I wonder if I use the reference and the isolate in an opposite way. ST1_12 is the isolate that does not have the inserted elements, while ST1_6 has. Also, a little background, the reference genome ST1_12 is from a hybrid assembly of nanopore reads and Illumina reads. The similarity between ST1_12 and ST1_6 are above 99%. Would that be a problem?

Here is the content of the log:

#### PARAMETERS ###
command: pair
findfile: workdir/01.mgefinder/ST1_12/ST1_6/01.find.ST1_6.ST1_12.tsv
bamfile: workdir/00.bam/ST1_6.ST1_12.bam
genome: workdir/00.genome/ST1_12.fna
max_direct_repeat_length: 20
min_alignment_quality: 20
min_alignment_inner_length: 21
max_junction_spanning_prop: 0.15
large_insertion_cutoff: 30
output_file: workdir/01.mgefinder/ST1_12/ST1_6/02.pair.ST1_6.ST1_12.tsv
###################
Finding all flank pairs within 20 bases of each other ...
Finding all inverted repeats at termini in 9 candidate pairs...
Assigning pairs according to existence of inverted repeats, read count difference, and flank length difference...
Filtering out pairs with evidence of reads spanning both clipped junctions...
Traceback (most recent call last):
  File "/home/dfi_user/miniconda3/envs/mgefinder/bin/mgefinder", line 8, in <module>
    sys.exit(cli())
  File "/home/dfi_user/miniconda3/envs/mgefinder/lib/python3.6/site-packages/click/core.py", line 764, in __call__
    return self.main(*args, **kwargs)
  File "/home/dfi_user/miniconda3/envs/mgefinder/lib/python3.6/site-packages/click/core.py", line 717, in main
    rv = self.invoke(ctx)
  File "/home/dfi_user/miniconda3/envs/mgefinder/lib/python3.6/site-packages/click/core.py", line 1137, in invoke
    return _process_result(sub_ctx.command.invoke(sub_ctx))
  File "/home/dfi_user/miniconda3/envs/mgefinder/lib/python3.6/site-packages/click/core.py", line 956, in invoke
    return ctx.invoke(self.callback, **ctx.params)
  File "/home/dfi_user/miniconda3/envs/mgefinder/lib/python3.6/site-packages/click/core.py", line 555, in invoke
    return callback(*args, **kwargs)
  File "/home/dfi_user/miniconda3/envs/mgefinder/lib/python3.6/site-packages/mgefinder/main.py", line 112, in pair
    min_alignment_inner_length, max_junction_spanning_prop, large_insertion_cutoff, output_file)
  File "/home/dfi_user/miniconda3/envs/mgefinder/lib/python3.6/site-packages/mgefinder/pair.py", line 40, in _pair
    flank_pairs = flank_pairer.run_pair_flanks()
  File "/home/dfi_user/miniconda3/envs/mgefinder/lib/python3.6/site-packages/mgefinder/pair.py", line 101, in run_pair_flanks
    analyzed_pairs = self.count_insertion_spanning_reads(assigned_pairs)
  File "/home/dfi_user/miniconda3/envs/mgefinder/lib/python3.6/site-packages/mgefinder/pair.py", line 305, in count_insertion_spanning_reads
    reads = self.get_reads_at_site(contig, pos_3p, pos_5p, self.bam, contig_lengths)
  File "/home/dfi_user/miniconda3/envs/mgefinder/lib/python3.6/site-packages/mgefinder/pair.py", line 330, in get_reads_at_site
    if end > contig_lengths[contig]:
KeyError: 1
durrantmm commented 4 years ago

Ok, thanks for that. I haven't seen this error before. Can you please share your working directory with me so I can reproduce the problem? You can send it to my email.
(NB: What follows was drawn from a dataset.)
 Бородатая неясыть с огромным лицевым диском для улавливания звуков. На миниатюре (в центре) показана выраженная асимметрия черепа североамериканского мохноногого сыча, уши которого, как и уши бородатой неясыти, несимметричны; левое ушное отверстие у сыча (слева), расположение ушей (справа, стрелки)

durrantmm commented 4 years ago

Ok, I fixed the issue. It was caused by the fact that each contig in your reference genome was named with only an integer (1 and 2). I fixed this bug in the code and it should now run smoothly for you.
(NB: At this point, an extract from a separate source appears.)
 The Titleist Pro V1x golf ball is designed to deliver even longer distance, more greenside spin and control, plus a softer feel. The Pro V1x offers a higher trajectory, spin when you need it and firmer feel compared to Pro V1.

You will just need to reinstall the mgefinder python package.

First, make sure that you are in the mgefinder conda environment.

Next, run the following commands:

pip uninstall mgefinder
pip install --no-cache mgefinder

This should install mgefinder v1.0.1 with the bug patch. Let me know if that works. Thank you for bringing this to my attention!